Dithering In Audio Processing Typically Involves The Following Steps:
- Determine The Need For Dithering:
Consider the bit depth you will be working with, the dynamic range and spectral content of the audio material, and the number of digital conversions that will be performed. If dithering is necessary, proceed to the next step. - Choose A Dithering Algorithm:
There are several dithering algorithms available, each with its own strengths and weaknesses. Some common dithering algorithms include triangular dithering, rectangular dithering, and shaped dithering. You will need to choose the dithering algorithm that is best suited for your specific requirements. - Set The Dither Amplitude:
The amplitude of the dither noise is an important consideration, as it affects the trade-off between reducing quantization errors and adding noise to the signal. You will need to set the dither amplitude to a level that is low enough to minimize the impact of the added noise, but high enough to reduce the quantization errors to an acceptable level. - Add Dithering To The Signal:
Once you have chosen the dithering algorithm and set the dither amplitude, you can add the dither noise to the analog signal prior to quantization. - Perform Quantization:
After adding the dither noise, the signal can then be quantized to the desired bit depth. - Evaluate The Results:
Listen to the quantized signal and evaluate the results. If the quantization noise is audible and unacceptable, you may need to adjust the dithering algorithm or dither amplitude and repeat the process. - Repeat Dithering As Necessary:
Repeat the process as necessary to achieve the desired audio quality.

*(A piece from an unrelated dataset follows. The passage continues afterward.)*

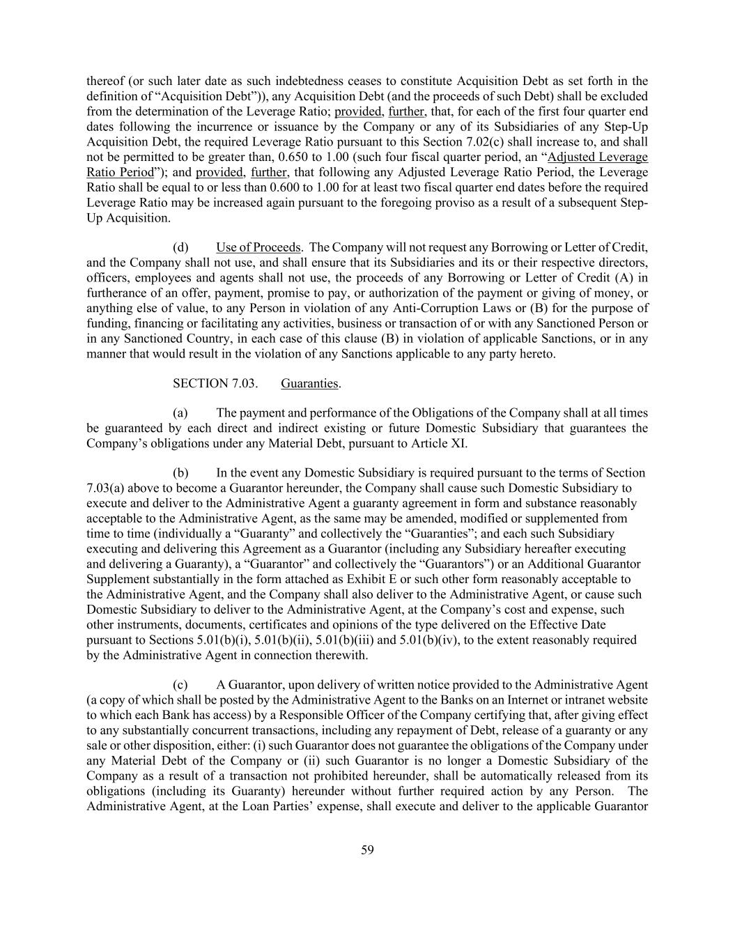 59 thereof (or such later date as such indebtedness ceases to constitute Acquisition Debt as set forth in the definition of “Acquisition Debt”)), any Acquisition Debt (and the proceeds of such Debt) shall be excluded from the determination of the Leverage Ratio; provided, further, that, for each of the first four quarter end dates following the incurrence or issuance by the Company or any of its Subsidiaries of any Step-Up Acquisition Debt, the required Leverage Ratio pursuant to this Section 7.02(c) shall increase to, and shall not be permitted to be greater than, 0.650 to 1.00 (such four fiscal quarter period, an “Adjusted Leverage Ratio Period”); and provided, further, that following any Adjusted Leverage Ratio Period, the Leverage Ratio shall be equal to or less than 0.600 to 1.00 for at least two fiscal quarter end dates before the required Leverage Ratio may be increased again pursuant to the foregoing proviso as a result of a subsequent Step- Up Acquisition. (d) Use of Proceeds. The Company will not request any Borrowing or Letter of Credit, and the Company shall not use, and shall ensure that its Subsidiaries and its or their respective directors, officers, employees and agents shall not use, the proceeds of any Borrowing or Letter of Credit (A) in furtherance of an offer, payment, promise to pay, or authorization of the payment or giving of money, or anything else of value, to any Person in violation of any Anti-Corruption Laws or (B) for the purpose of funding, financing or facilitating any activities, business or transaction of or with any Sanctioned Person or in any Sanctioned Country, in each case of this clause (B) in violation of applicable Sanctions, or in any manner that would result in the violation of any Sanctions applicable to any party hereto. SECTION 7.03. Guaranties. (a) The payment and performance of the Obligations of the Company shall at all times be guaranteed by each direct and indirect existing or future Domestic Subsidiary that guarantees the Company’s obligations under any Material Debt, pursuant to Article XI. (b) In the event any Domestic Subsidiary is required pursuant to the terms of Section 7.03(a) above to become a Guarantor hereunder, the Company shall cause such Domestic Subsidiary to execute and deliver to the Administrative Agent a guaranty agreement in form and substance reasonably acceptable to the Administrative Agent, as the same may be amended, modified or supplemented from time to time (individually a “Guaranty” and collectively the “Guaranties”; and each such Subsidiary executing and delivering this Agreement as a Guarantor (including any Subsidiary hereafter executing and delivering a Guaranty), a “Guarantor” and collectively the “Guarantors”) or an Additional Guarantor Supplement substantially in the form attached as Exhibit E or such other form reasonably acceptable to the Administrative Agent, and the Company shall also deliver to the Administrative Agent, or cause such Domestic Subsidiary to deliver to the Administrative Agent, at the Company’s cost and expense, such other instruments, documents, certificates and opinions of the type delivered on the Effective Date pursuant to Sections 5.01(b)(i), 5.01(b)(ii), 5.01(b)(iii) and 5.01(b)(iv), to the extent reasonably required by the Administrative Agent in connection therewith. (c) A Guarantor, upon delivery of written notice provided to the Administrative Agent (a copy of which shall be posted by the Administrative Agent to the Banks on an Internet or intranet website to which each Bank has access) by a Responsible Officer of the Company certifying that, after giving effect to any substantially concurrent transactions, including any repayment of Debt, release of a guaranty or any sale or other disposition, either: (i) such Guarantor does not guarantee the obligations of the Company under any Material Debt of the Company or (ii) such Guarantor is no longer a Domestic Subsidiary of the Company as a result of a transaction not prohibited hereunder, shall be automatically released from its obligations (including its Guaranty) hereunder without further required action by any Person. The Administrative Agent, at the Loan Parties’ expense, shall execute and deliver to the applicable Guarantor
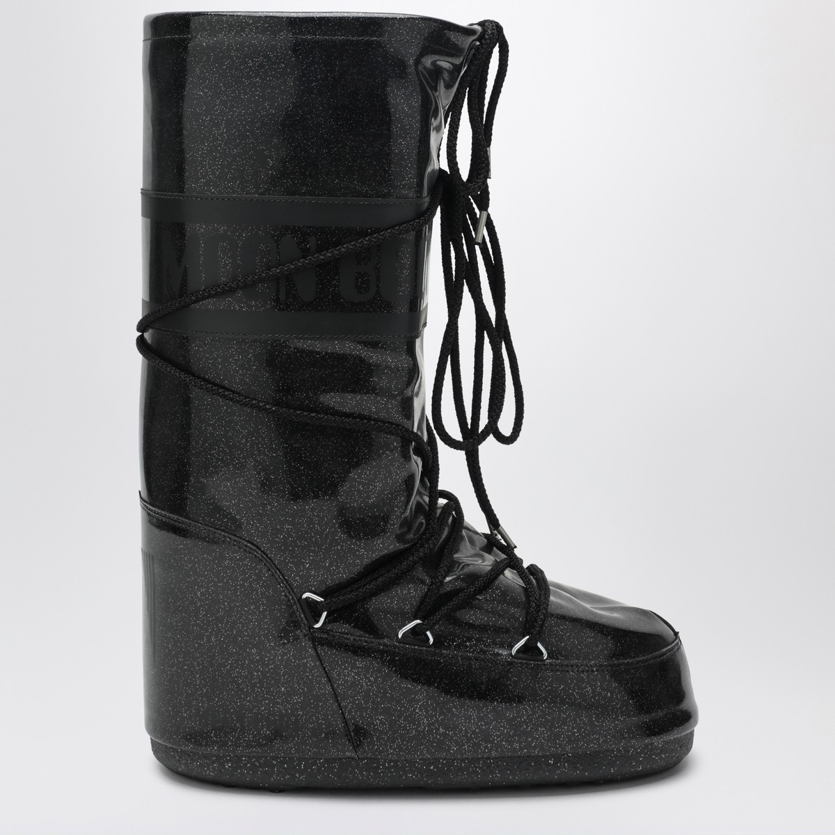 Black glitter Moon Boot, featuring water-repellent padded interior, genderless ambidextrous design, logo strap, logo heel and trim, silver-tone metal eyelets, crisscross tubular laces, adjustable drawstring, thermoplastic rubber midsole, and non-slip thermoplastic rubber outsole.

The specific tools and software you will need to use dithering will depend on your specific audio processing requirements and the software you are using. Some digital audio workstations (DAWs) and audio processing software include built-in dithering functionality, while others may require the use of third-party plugins or add-ons.
6. Dithering Done Right
In summary, to use dithering in audio processing, you will need to choose a dithering algorithm, set the dither amplitude, add the dither noise to the signal, perform quantization and evaluate the results.
What may seem overwhelming at first, should become a fairly quick and common task when bouncing down your audio. The best workflow when dithering audio depends on the specific requirements of your project and the tools and software you are using.
It is important to note that the presented workflow is just a general guideline and may vary depending on your specific needs. Nonetheless, dithering should not be seen as a diffcult hurdle. Just make it a habit to apply dithering before lowering the resolution of your audio tracks.
Try to work with the highest resolution audio “as long as possible” until you face the need to downsample your material. Depending on the desired bit depth, apply reasonable dithering (adjusted algorithm and amplitude) once before bouncing down your track and you are good to go.